#### Problem
With the pictures set aside, write out all of the data exactly as it stands.

#### Provided material
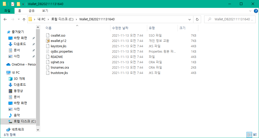 # TNS_ADMIN 뒤에 전자지갑 압축을 푼 경로를 넣어준다.
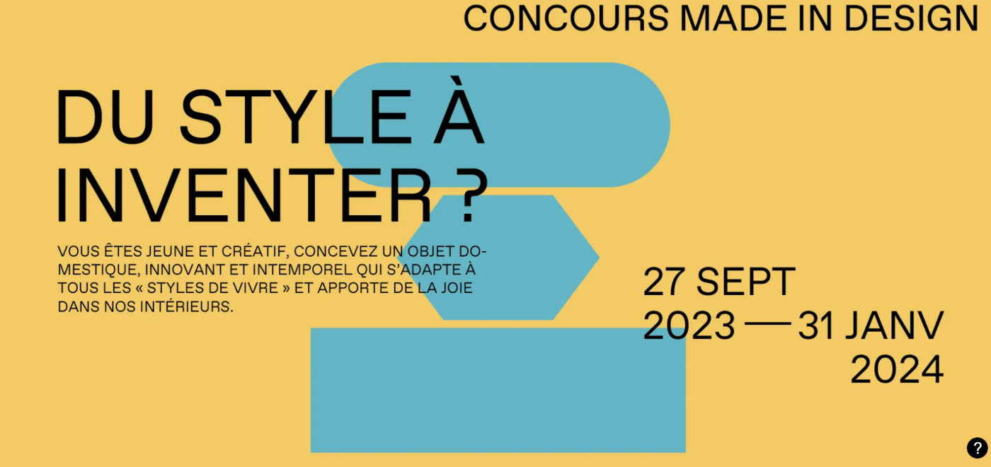 Ouvert aux étudiants en école de design et aux jeunes designers indépendants de 18 à 30 ans, le concours Made in Design a pour sujet la conception d’un objet domestique, innovant et intemporel qui s’adapte à tous les « styles de vivre » et qui apporte de la joie dans nos intérieurs.
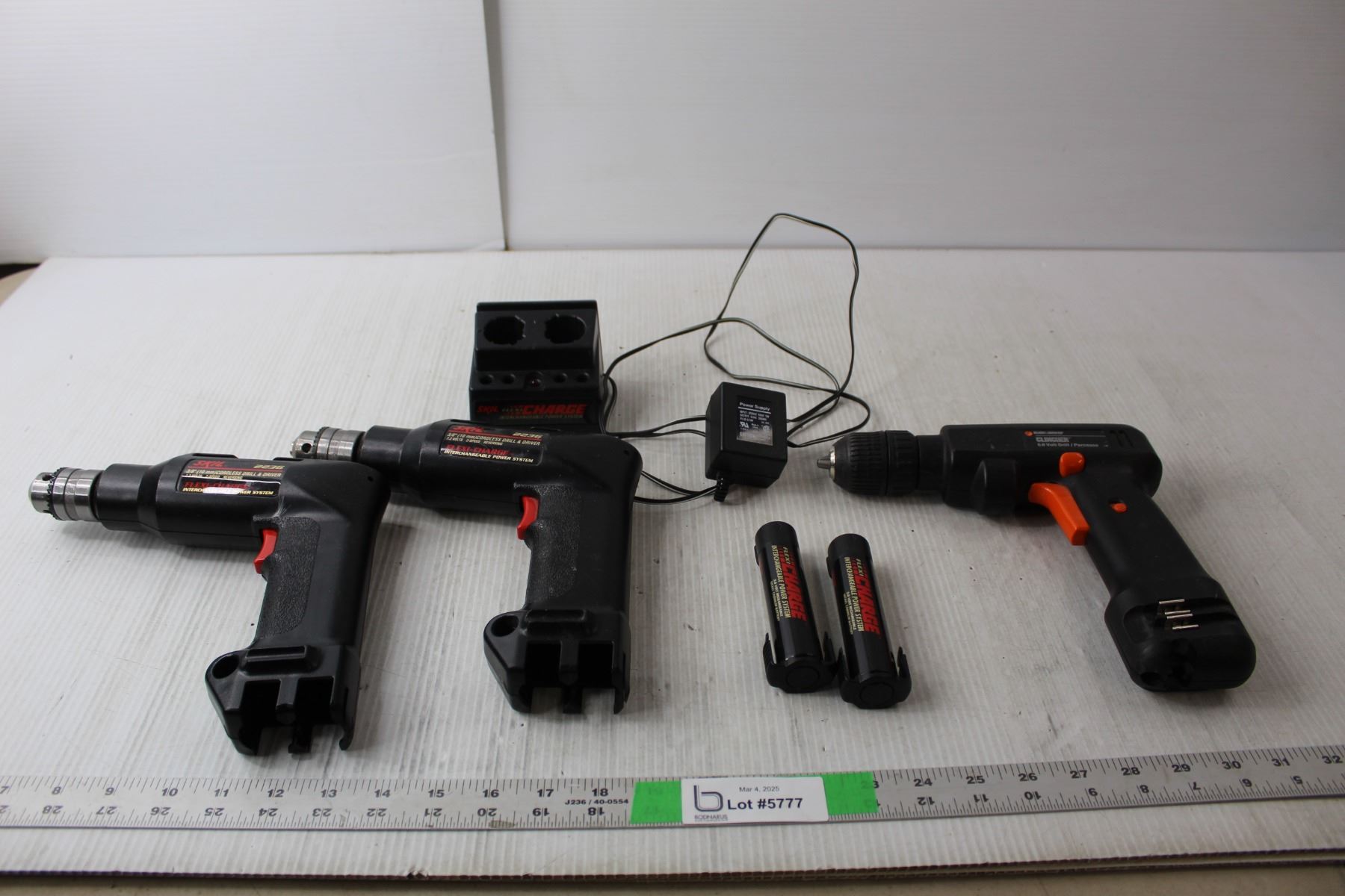 (2) 3/8" Skil Cordless Drills/Drivers, (2) Batteries & Charger- Powers On, Black & Decker 6V Drill

#### Answer to this exercise
 # TNS_ADMIN 뒤에 전자지갑 압축을 푼 경로를 넣어준다.
 Ouvert aux étudiants en école de design et aux jeunes designers indépendants de 18 à 30 ans, le concours Made in Design a pour sujet la conception d’un objet domestique, innovant et intemporel qui s’adapte à tous les « styles de vivre » et qui apporte de la joie dans nos intérieurs.
 (2) 3/8" Skil Cordless Drills/Drivers, (2) Batteries & Charger- Powers On, Black & Decker 6V Drill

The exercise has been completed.